Research area/discipline: Data Science
Prerequisites: Software Engineering, Programming in Python, Machine Learning
Wild birds are a thread for free-range poultry flocks, because they can have direct or indirect contact with chickens in the outdoor facility, enabling transmission of contagious animal diseases like bird flu causing severe outbreaks leading to complete depopulation of the farm. To monitor which, where, when and how often wild fauna visit the outdoor facility, a total of eight 1.3 Mpx TruVision IP 1/3" CMOS video-cameras were installed by researchers of Wageningen Bioveterinary Research. Cameras were connected to a TruVision NVR10 network video recorder with HDMI/VGA video-output and a 4TB hard disk for storage. The cameras were equipped with IR LEDs enabling night-recording. Recording was done at a speed of 2 frames/sec, 24 hr/day, 7 days/week, enabling recording of about 30 observation days per recorder before a recorder had to be refreshed. From these video recordings it could be concluded which type of wild species are visiting when, for how long, and with what numbers the outdoor facility during the year. Because these videos have to be inspected by the human eye being very labor intensive, this hinders useful applications of video cameras for animal monitoring. However, smart cameras are used more and more for automatic object detection. Therefore, it should be feasible to use these WBVR video-data to build an automatic monitoring system with classification and localization of the relevant types of wild animals.
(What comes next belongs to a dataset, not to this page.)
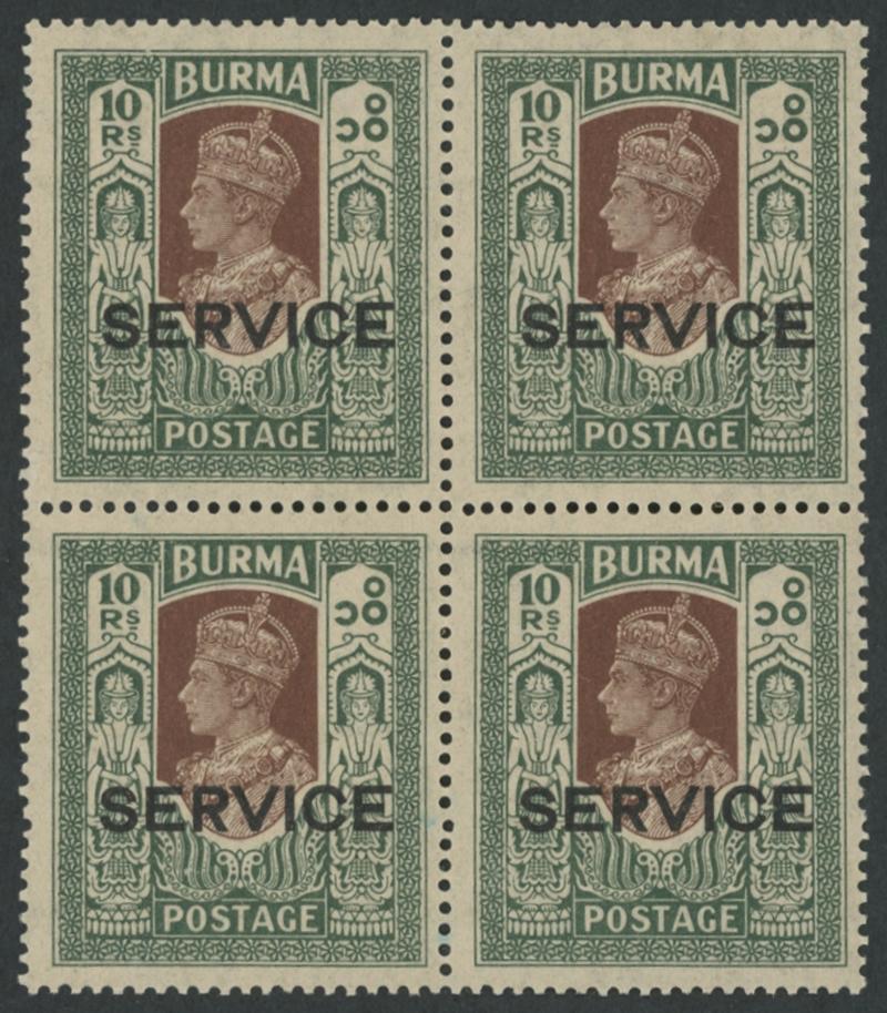 OFFICIAL STAMPS: 1937 'BURMA/SERVICE' Overprints on India KGV 10r green & scarlet SG O14, well-centred, unmounted, Cat £750. (Image1)

To provide an working and applicable automatic wild animal video-monitoring, an artificial neural network should be trained to classify and localize the relevant types wild animals and distinguish them from the chicken flock. For this analysis, the video-recordings of WBVR should be used in combination with general available images of the relevant wild types. To enable this, the video recordings of WBVR should be downloaded from the data-recorders and put on easy accessible disks space. The trained object detection network should be importable in the software packages R and Mathematica to facilitate the detection of visiting moments and number of visits for each type of wild animal.